Why bees don’t buy the flashiest flowers

The more glitz, the better. That’s the animal kingdom’s motto when it comes to attracting a mate – think flamboyant peacock tails and butterfly wings. But not so in the plant world, it turns out.

Cambridge researchers have discovered that to attract pollinators, some flowers strike a delicate balance between being flashy and letting their true colours show.

Some plants, such as hibiscus and tulips, go to great lengths to be noticed. On their petals, above their natural pigment, they produce an uneven layer which bounces light around, changing the petals’ hue.

This iridescence, similar to that seen on soap bubbles, increases the petals’ likelihood of being spotted, scientists have found, and could give especially short-lived flowers the edge in reproduction. Iridescent Hibiscus trionum flowers, for instance, only bloom for up to three hours before they wilt, so they need attention fast if they are to reproduce.

But why these flowers are only slightly iridescent – nowhere near as bright as iridescent insects such as the glamorous Cotton Harlequin Bug – has puzzled scientists. Surely the flashier, the better?

To find out, Cambridge researchers created artificial flowers that were either perfectly iridescent, like the shiny back of a CD, partly iridescent, like the more subtle colour-shifting natural flowers, or non-iridescent.

They measured how long it took bumblebees to find these flower targets. As they expected, the bees found the iridescent flowers – no matter how iridescent – much more quickly.

They then tested the bee’s ability to distinguish colour, which bees do after they memorise the colour of flowers loaded with nectar. When trained to find petals that were perfectly iridescent, the bees got confused – often visiting similarly coloured flowers that contained no nectar at all.

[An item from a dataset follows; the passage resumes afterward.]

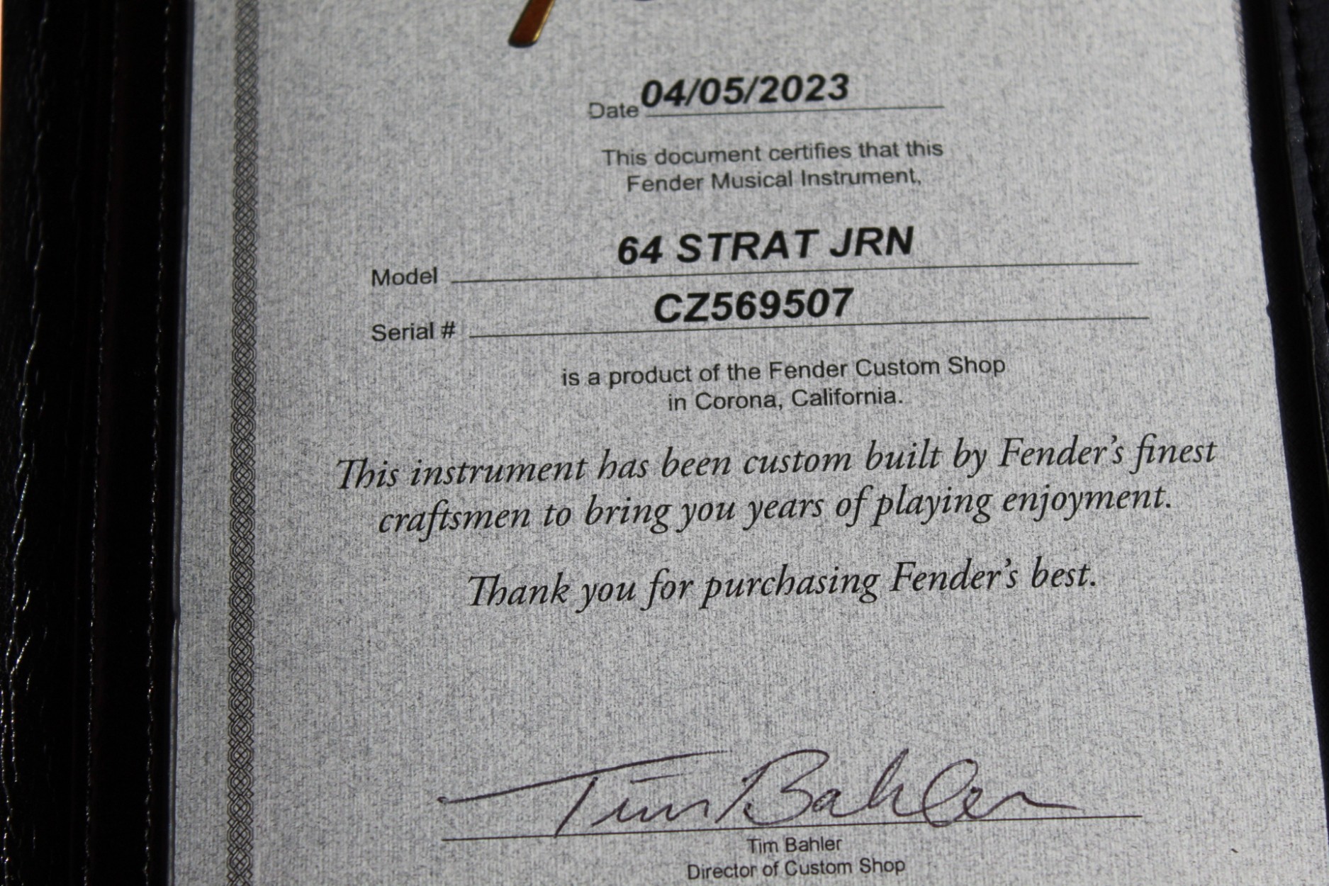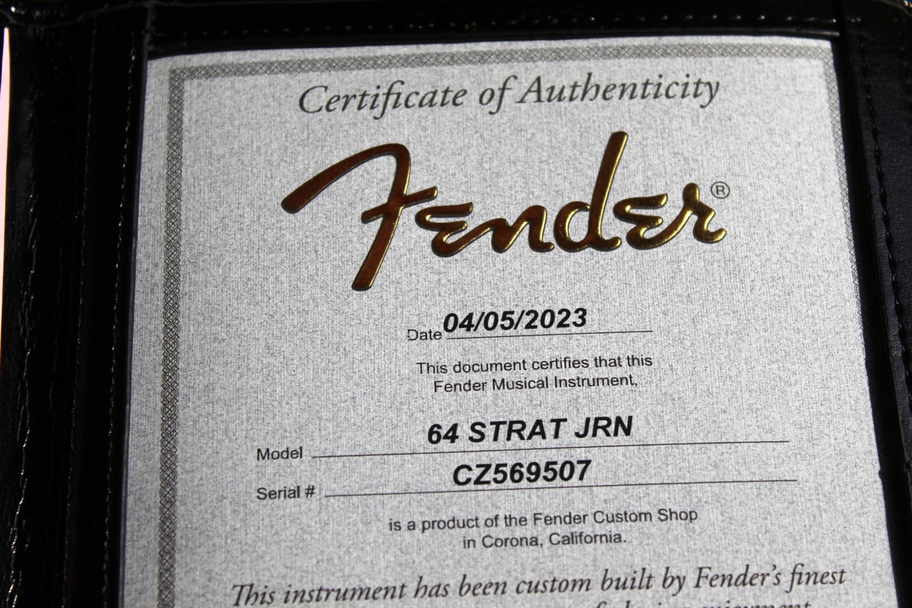 A faithful recreation of Fender’s seminal ’64 Strat, paying homage to the classic stylings of this transitional year’s model, preserving the significant modifications that have made this Strat so beloved. Hand-selected woods ensure period-precise tone, including a 2-piece alder body, quartersawn maple neck, and a round-laminated rosewood fingerboard. The 1963 soft “C” neck profile accompanies 21 frets across a 9.5-inch radius, accommodating a variety of playstyles with comfort. Hand-wound ’64 pickups bring the tone to life at any volume, thanks to the vintage wiring and Tone-Saver bleed circuitry. Vintage-style hardware adorns this axe, with a custom shop synchronized tremolo for some serious expression. Tones straight out of time Fender’s Custom Shop luthiers never fail to do their homework, and the ’64 sounds like an axe straight out of time. Hand-selected alder comprises a 2-piece body, known for its physical resilience and resistance to warping. Tonally, alder is rich in sustain, providing a loud, warm overall sound, tending toward the low end with slicing mids and sturdy bass. The quartersawn maple neck imparts great projection and note-separation, with bright, clear mids and highs, alongside simple overtones in a tight bass. Round-laminated rosewood colors the fingerboard with luscious loudness and a crystalline veneer. This triumvirate of tonewoods delivers a distinctive, historically accurate sonic profile, full through every register with tremendous articulation.

On the other hand, the bees easily pinpointed the juiciest flowers when petals that were only slightly iridescent,

There’s a trade-off, the authors argue. Iridescent plants have evolved to be flashy enough to catch the bees’ eyes, but tone it down enough to show the colour underneath. This ensures bees find, and come back to, the flowers worth their while.

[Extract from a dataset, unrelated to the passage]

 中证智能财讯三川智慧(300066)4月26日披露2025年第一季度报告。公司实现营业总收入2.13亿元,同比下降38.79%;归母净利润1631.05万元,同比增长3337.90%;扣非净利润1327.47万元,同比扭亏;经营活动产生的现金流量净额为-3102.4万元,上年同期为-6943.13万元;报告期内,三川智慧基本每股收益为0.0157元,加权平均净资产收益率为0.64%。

“Bees are careful shoppers in the floral supermarket, and floral advertising has to tread a fine line between dazzling its customers and being recognisable,” said study author Lars Chittka.

“To our eyes most iridescent flowers don’t look particularly striking, and we had wondered whether this is simply because flowers aren’t very good at producing iridescence,” co-author Beverley Glover added. “But we are not the intended target – bees are, and they see the world differently from humans.”

The study was published in Current Biology.